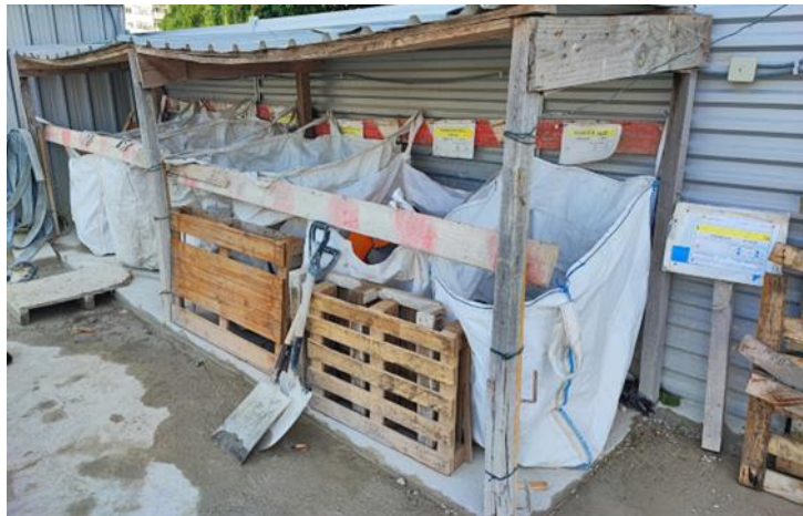
Figura 3 - Exemplo de boas práticas num parque de resíduos

Na figura 3 podemos observar um local de armazenamento temporário de resíduos não perigosos que serve como exemplo do que se pretende dotar a exploração. Os resíduos estão acondicionados em big bags em parque coberto com identificação LER.
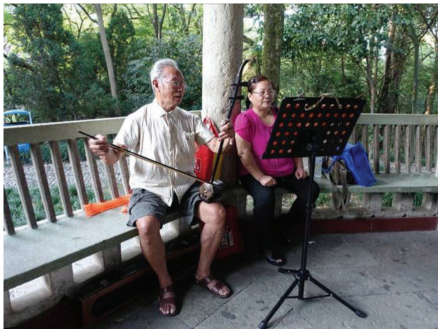
婺剧爱好者之图一,2016年
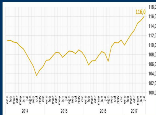
Gráfico 2: Alemania - Índice de situación empresarial (En puntos)
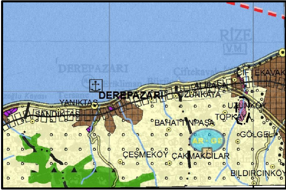
Şekil 4: 1/100.000 ölçekli ÇDP Değişikliği
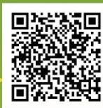
農業打工計畫生活圈
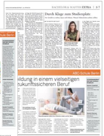
1/2 Seite BILDUNGSTIPP
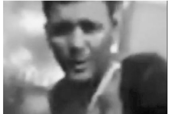
"Se te atiende, se te da todo y venís a robar acá, laburamos para ustedes. Nos afanan a nosotros que les vivimos salvando la vida", le dijo una trabajadora del Iriarte que lo filmó al momento de la aprehensión

En el Hospital de Quilmes era atendido una persona con diversas lesiones físicas. Tras culminar con las curaciones, el malviviente se retiró
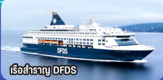
เรือสำราญ DFDS
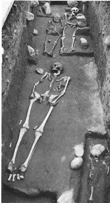
Gurmels/Dürrenberg. Die Skelette im Sondierschnitt im Osten der Kirche.

Nach der Überlieferung wurde die Kapelle 1339 nach dem Laupenkrieg im Anschluss an ein Gelübde der Einwohner des Dorfes erbaut und unter zwei Malen erweitert (1662 und 1710). Die Sondierungen wur-
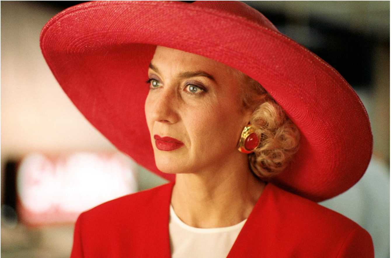
Tacchi a spillo_Marisa Paredes_Foto di Mimmo Cattarinich © El Deseo

Cast Victoria Abril, Marisa Paredes, Miguel Bosé Scritto e diretto da Pedro Almodóvar PER TUTTI n. 87481 del 05/02/1992
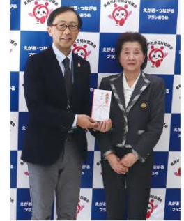
国際ソロプチミスト青梅 様
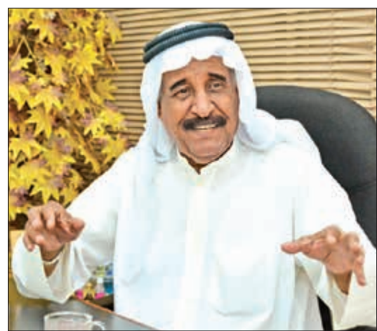
الفنان القدير محمد جابر
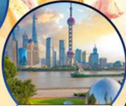
นอร์ทบิ้น กรีนแลนด์
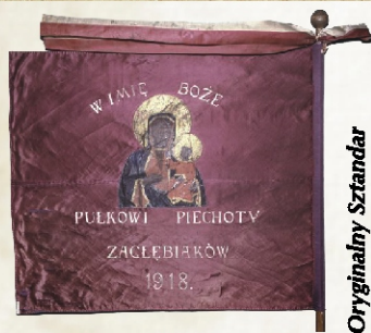
Oryginalny Sztandar 11 Pułku Piechoty
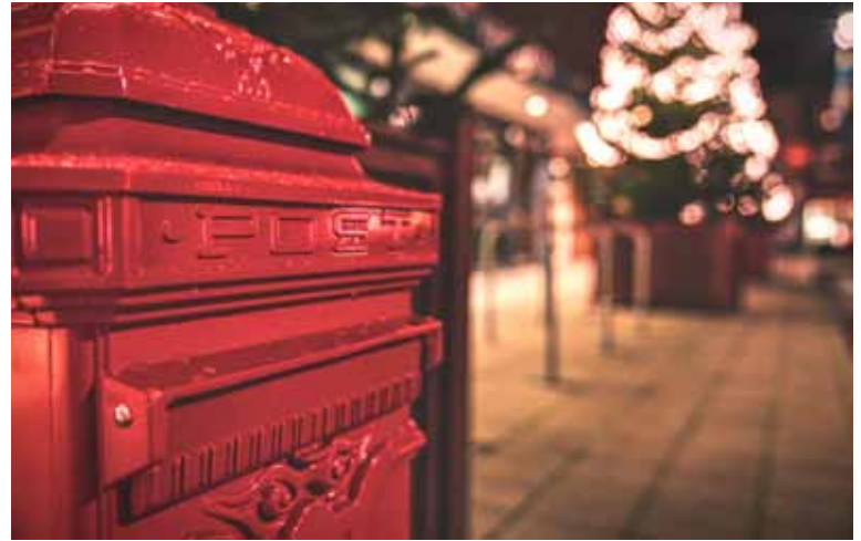
Hoffnung geben in schwierigen Zeiten

------------------------------------------------

WORK TO BE COMPLETED:
The string to find is "parque"; copy every line of the listing that has it.

WRITTEN REPLY:
Figura 3 - Exemplo de boas práticas num parque de resíduos
Na figura 3 podemos observar um local de armazenamento temporário de resíduos não perigosos que serve como exemplo do que se pretende dotar a exploração. Os resíduos estão acondicionados em big bags em parque coberto com identificação LER.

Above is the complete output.